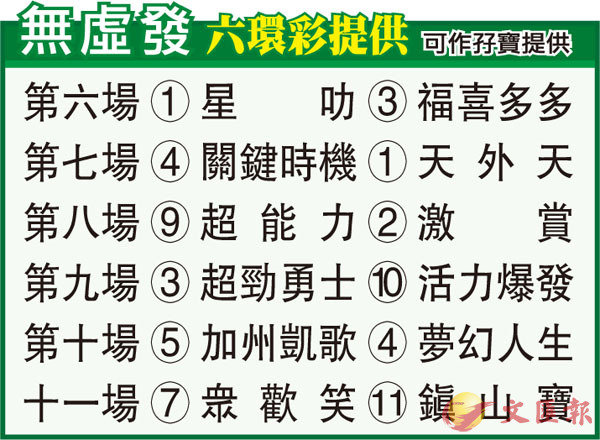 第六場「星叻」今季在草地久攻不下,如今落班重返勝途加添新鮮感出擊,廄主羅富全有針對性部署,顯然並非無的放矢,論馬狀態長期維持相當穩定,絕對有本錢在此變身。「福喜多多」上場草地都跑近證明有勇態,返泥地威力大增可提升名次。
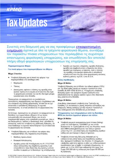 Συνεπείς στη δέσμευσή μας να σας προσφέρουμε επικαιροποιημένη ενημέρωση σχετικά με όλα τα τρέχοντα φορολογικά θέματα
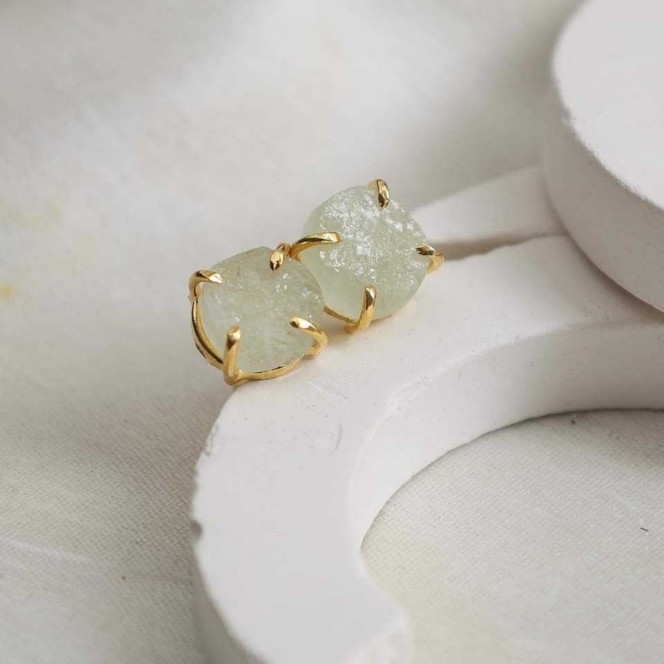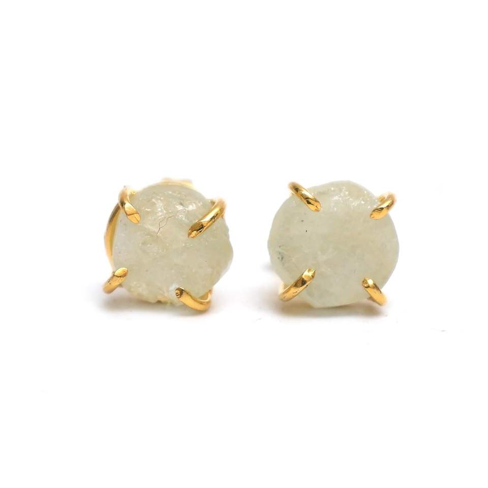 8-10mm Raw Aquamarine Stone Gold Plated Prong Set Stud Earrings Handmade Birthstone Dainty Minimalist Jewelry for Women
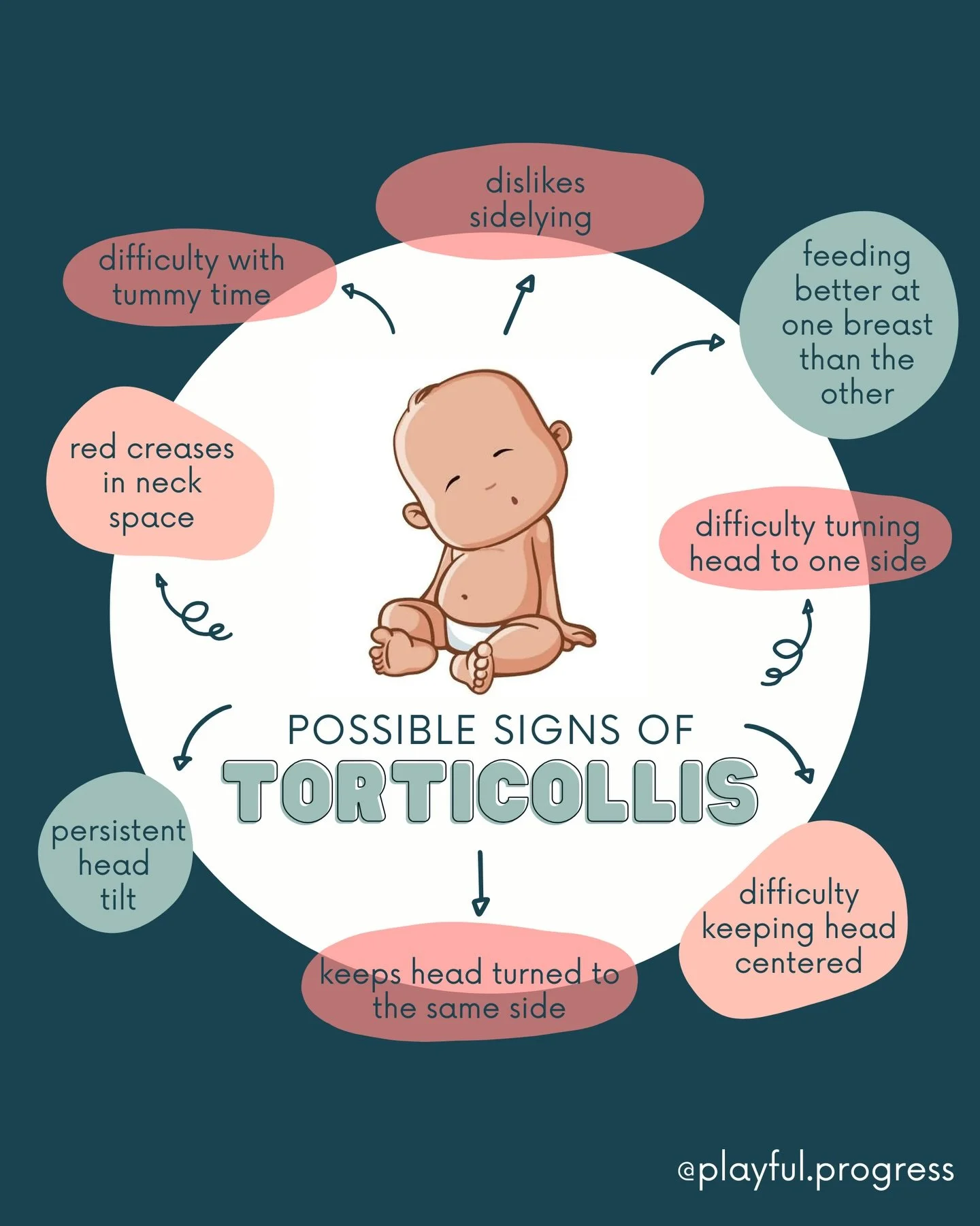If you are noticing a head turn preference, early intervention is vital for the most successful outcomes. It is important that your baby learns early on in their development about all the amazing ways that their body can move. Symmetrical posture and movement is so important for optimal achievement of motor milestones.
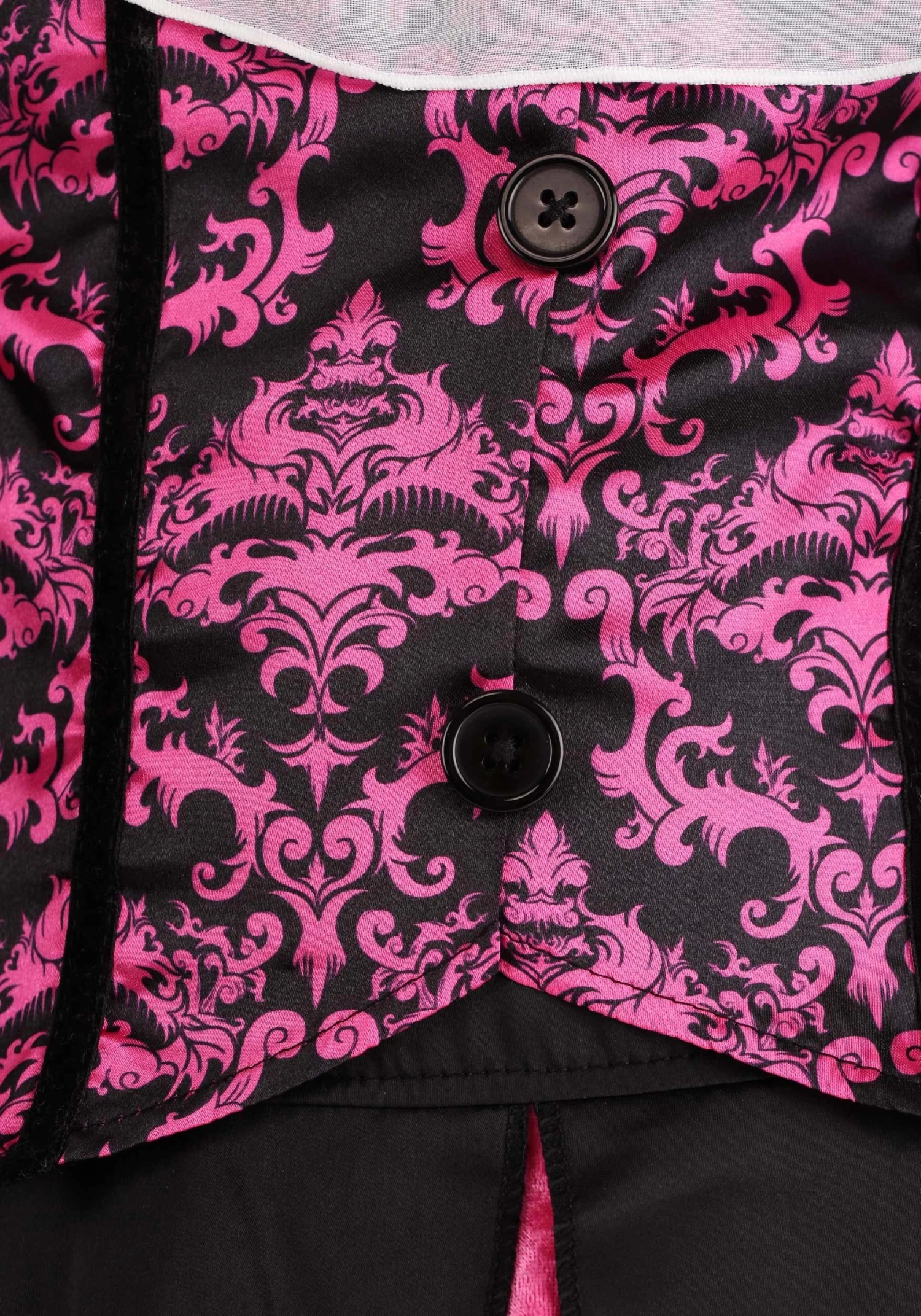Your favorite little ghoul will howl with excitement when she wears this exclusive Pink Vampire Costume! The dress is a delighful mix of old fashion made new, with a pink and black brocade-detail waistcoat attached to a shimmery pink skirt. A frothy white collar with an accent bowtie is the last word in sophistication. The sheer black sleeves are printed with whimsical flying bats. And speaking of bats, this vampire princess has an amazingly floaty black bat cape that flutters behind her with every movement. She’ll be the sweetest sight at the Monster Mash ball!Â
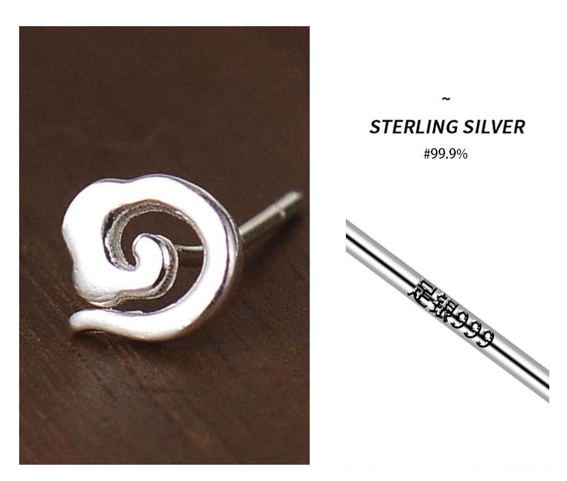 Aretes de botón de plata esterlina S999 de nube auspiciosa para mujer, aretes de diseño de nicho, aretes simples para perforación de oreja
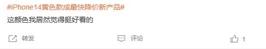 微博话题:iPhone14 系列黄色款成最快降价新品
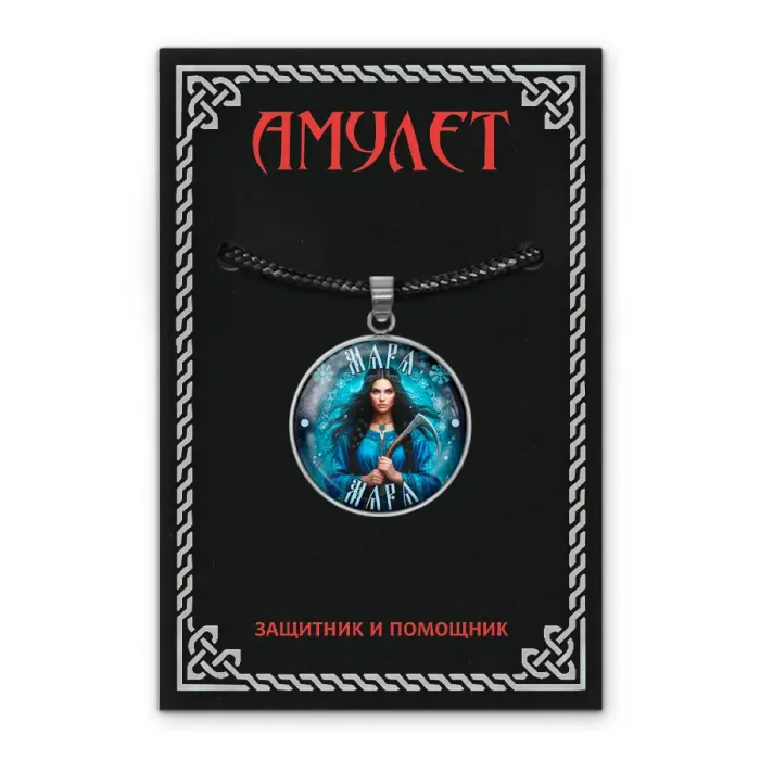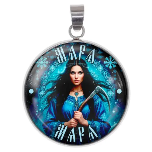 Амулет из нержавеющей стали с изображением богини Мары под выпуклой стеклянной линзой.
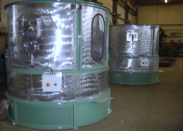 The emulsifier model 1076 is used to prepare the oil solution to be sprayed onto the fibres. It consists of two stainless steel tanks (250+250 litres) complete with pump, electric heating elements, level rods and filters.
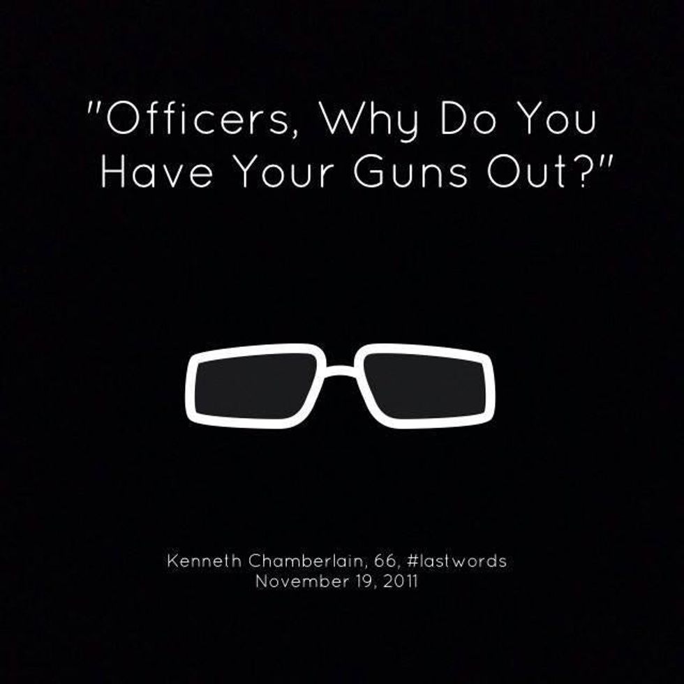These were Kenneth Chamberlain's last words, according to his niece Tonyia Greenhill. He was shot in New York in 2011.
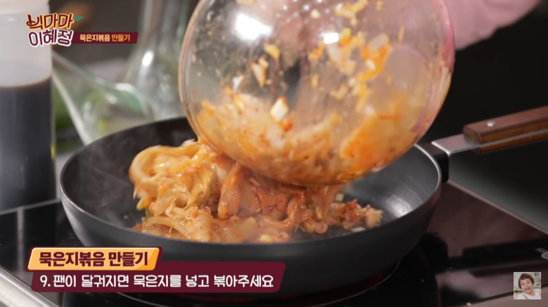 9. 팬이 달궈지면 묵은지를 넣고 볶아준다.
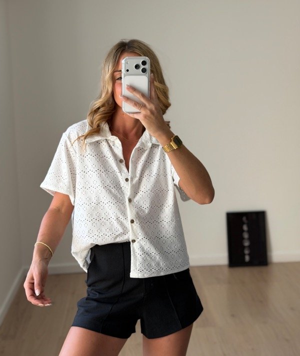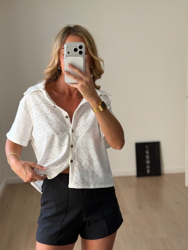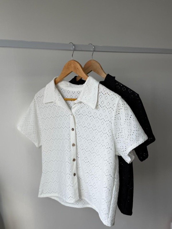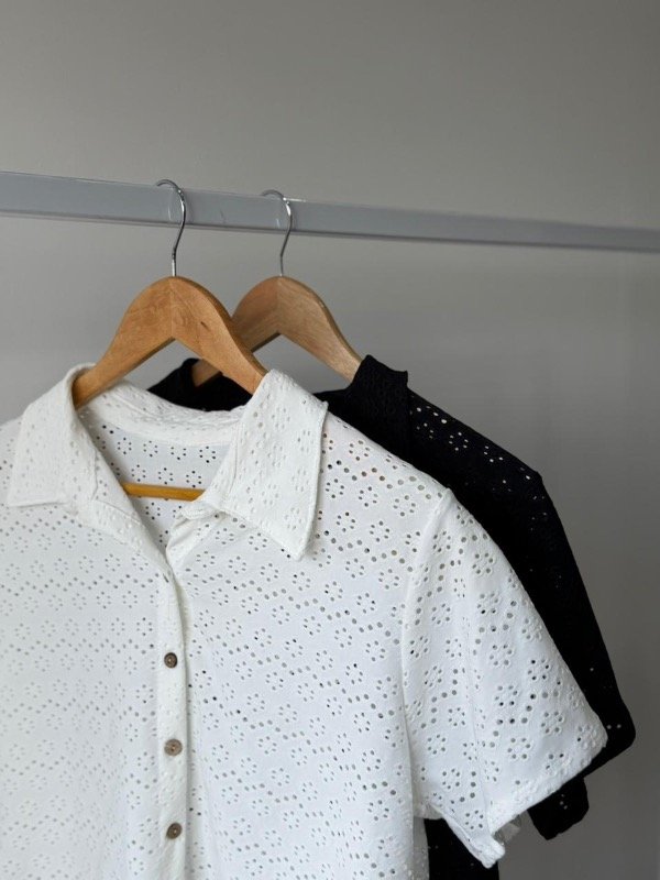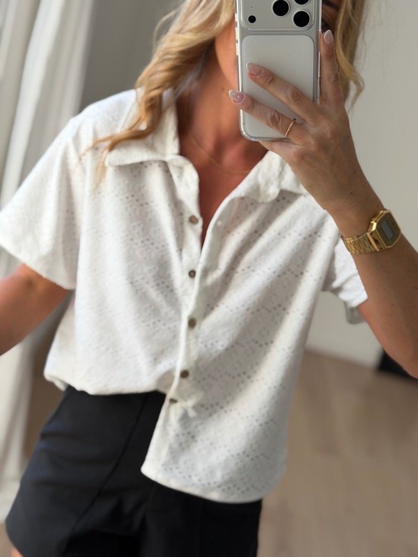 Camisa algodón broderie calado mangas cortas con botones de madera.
★ ★ ★ ★ ★ ★ ★
* **Task**: The answer is the lines above, word for word, from the first one through the one containing "8-10mm Raw Aquamarine"; it includes no pictures.

* **Task response**:
 第六場「星叻」今季在草地久攻不下,如今落班重返勝途加添新鮮感出擊,廄主羅富全有針對性部署,顯然並非無的放矢,論馬狀態長期維持相當穩定,絕對有本錢在此變身。「福喜多多」上場草地都跑近證明有勇態,返泥地威力大增可提升名次。
 Συνεπείς στη δέσμευσή μας να σας προσφέρουμε επικαιροποιημένη ενημέρωση σχετικά με όλα τα τρέχοντα φορολογικά θέματα
 8-10mm Raw Aquamarine Stone Gold Plated Prong Set Stud Earrings Handmade Birthstone Dainty Minimalist Jewelry for Women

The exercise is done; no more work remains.